- _Data excerpt_
•••••
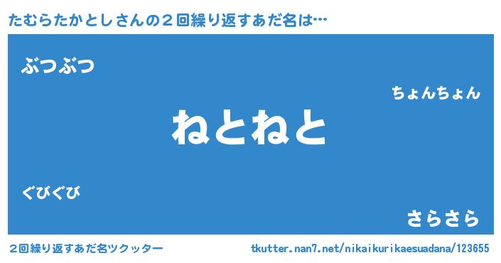 | ポケモン風あだ名 | 『ヒタムラタカトシ』『タックウザ』 |
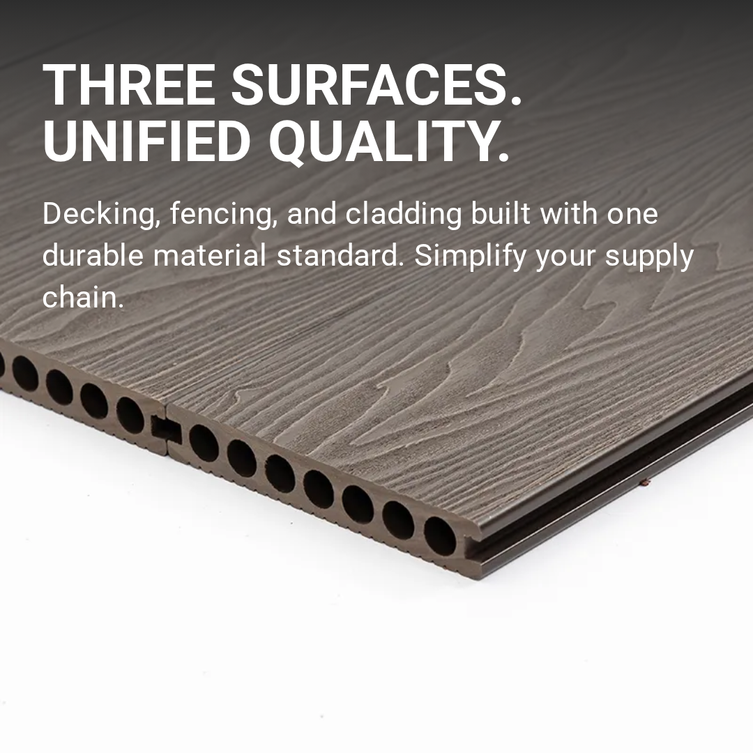 Treslam AM79-1 WPC Decking is a lightweight, cost-effective, and visually clean solution for outdoor flooring. Designed with a seven-hole circular hollow core and a single-sided groove surface, this model delivers structural efficiency while maintaining a streamlined aesthetic.
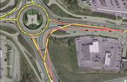 Vahva tämä. Simppelitkin ympyrät menee ihan typeräksi liittymien laskemiseksi, jos pitää alkaa tuplailemaan kaistoja. Ympyrän kääntymisopasteisiin pitää saada tuplauksista riippumaton heuristiikka tai käsin pakotus.
•••••
- _What to produce_
Every line above should be repeated exactly; pictures stay out of the copy.

- _Final answer_
 | ポケモン風あだ名 | 『ヒタムラタカトシ』『タックウザ』 |
 Treslam AM79-1 WPC Decking is a lightweight, cost-effective, and visually clean solution for outdoor flooring. Designed with a seven-hole circular hollow core and a single-sided groove surface, this model delivers structural efficiency while maintaining a streamlined aesthetic.
 Vahva tämä. Simppelitkin ympyrät menee ihan typeräksi liittymien laskemiseksi, jos pitää alkaa tuplailemaan kaistoja. Ympyrän kääntymisopasteisiin pitää saada tuplauksista riippumaton heuristiikka tai käsin pakotus.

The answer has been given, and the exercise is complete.